Он запускается, когда границы разумного самоконтроля теряются, и самоограничение превращается в тиски. То есть запрещается вообще ВСЁ5. Тогда на выходе получается нервная анорексия, эмоциональное выгорание и иные виды истощений. Или задача «втиснуться в рамки» решается радикально — увечьем (глаза Ши Мэя!).
5вредное, полезное, необходимое — индивид отрицает себя ради прошитого в инстинкте «я должен!»

Как известно, боль бывает не только физическая. Эндорфины исправно вырабатываются в ответ на любой стресс. Не будем делать быстрый вывод, что все страдальцы мировой литературы — просто эндорфиновые наркоманы, а те, кого изнасиловали, именно того и хотели. Однако «голодный» кожный вектор (не насыщенный прикосновениями, напряжением, лаской или болью) и правда тяготеет к социальным фрустрациям и неудачам. Так что склонность к душевным мукам, пристрастие к болезненным обстоятельствам или безвыходности, постоянное посыпание солью своих сердечных ран, многократное наступание на одни и те же грабли, обреченное скольжение по жизни прямо в яму — не что иное, как тот же кожный мазохизм6.
6очень распространен в русской литературе, в том числе среди романтичного офицерья.

Конечно, если ты не воин, который и так вечно ранен, так что не знает подобных слов.

…Потому что в давние времена именно кожная мера давала лучших охотников (развитый хватательный рефлекс) и воинов-одиночек (навык бить еду/врага с расстояния: стрелой, копьем, потом револьвером, лучше с коня!), а позже командиров подразделений, белую кость. Это были люди конкретного действия, любящие и умеющие драться, натренированные хищники7, легко уходящие от ударов, техничные, стойко терпящие боль от ран и способные красиво умирать под небом Аустерлица. Это их битвы похожи на танцы, что отлично показывает фильм «Троя» (смотреть надо на Ахилла — типичнейший кожный пример. Шедевральный поединок с Гектором), и именно на них хотят походить все мальчишки, играя «в войну».
7Кожный вектор воплощает животное в животном

Конечно, Ши Мэй никогда не будет таким бойцом, он не проходит по зрению.

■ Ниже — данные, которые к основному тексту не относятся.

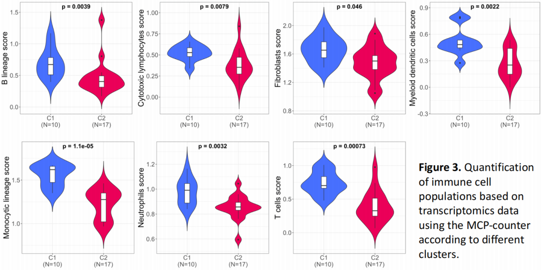 图3.根据不同簇,使用MCP计数器基于转录组数据对免疫细胞群进行定量分析
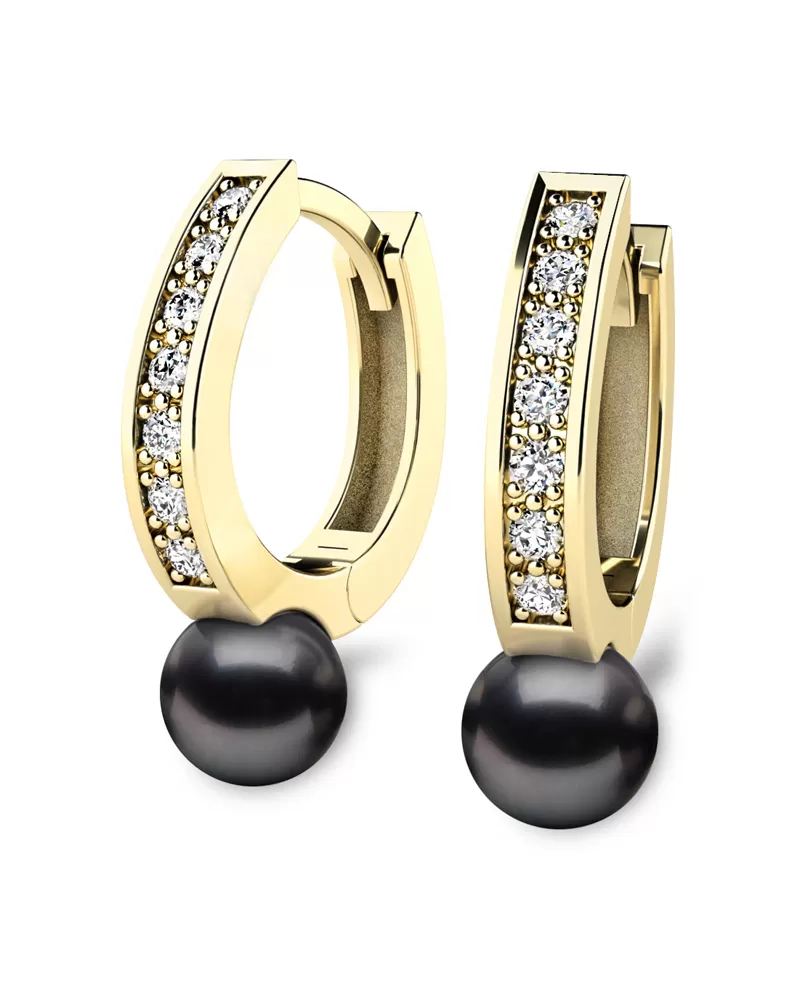 Náušnice žluté zlato 585/1000, přírodní diamanty 0.210ct, přírodní perly 109011-ZL-DIA-Black

Настоящий кожный воин в Эрхе — это Е Ваньси. Если вспомнить все ограничения этого персонажа, включая пол и голос, картина будет еще точней: социальная роль предполагает, что человек втиснется в жесткие рамки, буквально искажающие природу. Однако преимущества такого существования перекрывают потери (выгодный обмен). Ну и тема «любовь и боль» тут вполне уместна.

«Самообузданные» кожные воины в прошлом формировали элитные войска и в промежутках между боями и учениями блистали на балах отменной выправкой и безукоризненной формой.

Военной формой, в смысле. Кители, фуражки. Форма — определяющее слово для кожного вектора в любом из смыслов. Так что одежда кожников часто тяготеет к «форме» строгим прилегающим силуэтом, и столь же часто ей является. (Одежда фигуристов и гимнастов как тип спортивной формы; балетная пачка и пуанты как форма; костюм от Диора как униформа; дресс-код. Форма летчиков, стюардесс, флотских, полицейских8; форма СС и стилизации под нее. Атрибутка БДСМ-салонов. Принц из анимэ в форме — красавец и страдалец).
8В «маленьком театре» Эрхи — авторских ремарках под главами — автор записал Е Ваньси в полицейские

Летающие даосы (а вернее, играющие их актеры) с необходимостью имеют кожную меру, поскольку для сегодняшнего человека (зрителя) другой даос будет неубедителен. Непосредственные битвы ушли в прошлое, но мы все еще хотим, чтобы нам станцевали смерть.

* * *

Кожная мера андрогинна. Она имеет мужскую полярность на войне и женскую во время мира (регламентация поведения и потребления).

Анальный вектор дает учителей, передающих традиционные знания. Кожный вектор — воспитателей.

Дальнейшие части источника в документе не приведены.